Audrey Hepburn in the classic Breakfast at Tiffany’s. Image courtesy Paramount Pictures.

When it comes to a Breakfast at Tiffany’s remake, the question to ask is not “should they?”

The more pertinent questions are “who will remake it?” and “as a movie or a series?”

Paramount Pictures maintains that it has the rights, and the estate of Truman Capote, who wrote the story that the classic Audrey Hepburn movie was based on, argues that they hold those same rights.

Paramount has a feature film screenplay it wants to produce, while Alan Schwartz, Trustee of the Truman Capote Literary Trust, has been shopping a television series, and has gotten big dollar offers from more than one interested buyer. 

The two used to be on the same side. Early last year, both sides were headed toward a settlement with the idea that Paramount would be involved in the TV production, but in May, negotiations ended when Paramount chief Jim Gianopulos decided he wanted to make a feature instead.

Now Paramount and Schwartz are bickering over deals made decades ago and trying to figure out who has power to commission a new version. This failure to see the eye to eye is the basis for a lawsuit filed last November.

“In 1991, Plaintiff and the Capote Estate entered into an agreement with Paramount, whereby Paramount optioned certain sequel and prequel rights, among others, with respect to the film,” states the complaint. “The agreement provided that, if a motion picture was not produced within a certain amount of time, the rights would revert back to Plaintiff.”
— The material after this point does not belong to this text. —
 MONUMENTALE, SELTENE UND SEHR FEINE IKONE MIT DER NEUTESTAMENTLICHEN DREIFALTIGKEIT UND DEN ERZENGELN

Since no movie was made, Schwartz claims ownership. According to the complaint, Paramount contests. Paramount says it did indeed exercise its option.
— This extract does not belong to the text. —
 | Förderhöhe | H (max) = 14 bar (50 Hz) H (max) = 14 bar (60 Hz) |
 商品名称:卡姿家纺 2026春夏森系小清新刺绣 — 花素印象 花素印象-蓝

The studio “claims that no reversion occurred, that it had the right, but not the obligation, to produce the film, and that it purchased this right for $300,000.00,” continues the complaint. “What is most inconceivable, however, is that Paramount claims that whether or not it had an actual obligation to exploit Plaintiff’s valuable film rights depended exclusively on the timing of its acquisition payment.”

The history of the deal dates back to the 1980s – or even to the 1900s, depending on which part of the law you’re examining. Capote published his novella, Breakfast at Tiffany’s, in 1958, before it became a classic film for Paramount starring Audrey Hepburn three years later. Capote died in 1984.

The timing of Capote’s death was significant because under the Copyright Act of 1909, an author’s death during the initial 28-year term meant the renewal term belonged to the author’s estate. That was the case until the estate began negotiations with Paramount.

Now there’s another wrinkle in the fight between the two entities. According to Paramount’s latest court papers, the 1909 Copyright Act and the Stewart decision didn’t touch foreign rights. The studio held onto those rights even given the reversion of domestic rights. 

In other words, although Schwartz may claim to have had “superior bargaining position” back in the early 1990s, now Paramount has its own chip to bargain — those foreign rights, which they maintain allow them to retain ownership of the property.

Later in this case, the studio will undoubtedly argue that the explicit language of the contract didn’t mean it had any time limit to make a movie. For now, the studio merely wants a federal court to exercise jurisdiction over this matter.

There’s no word on when the courts will rule, giving the rights to one or the other plaintiffs. Until such time, we will all be spared the “should they remake it” arguments.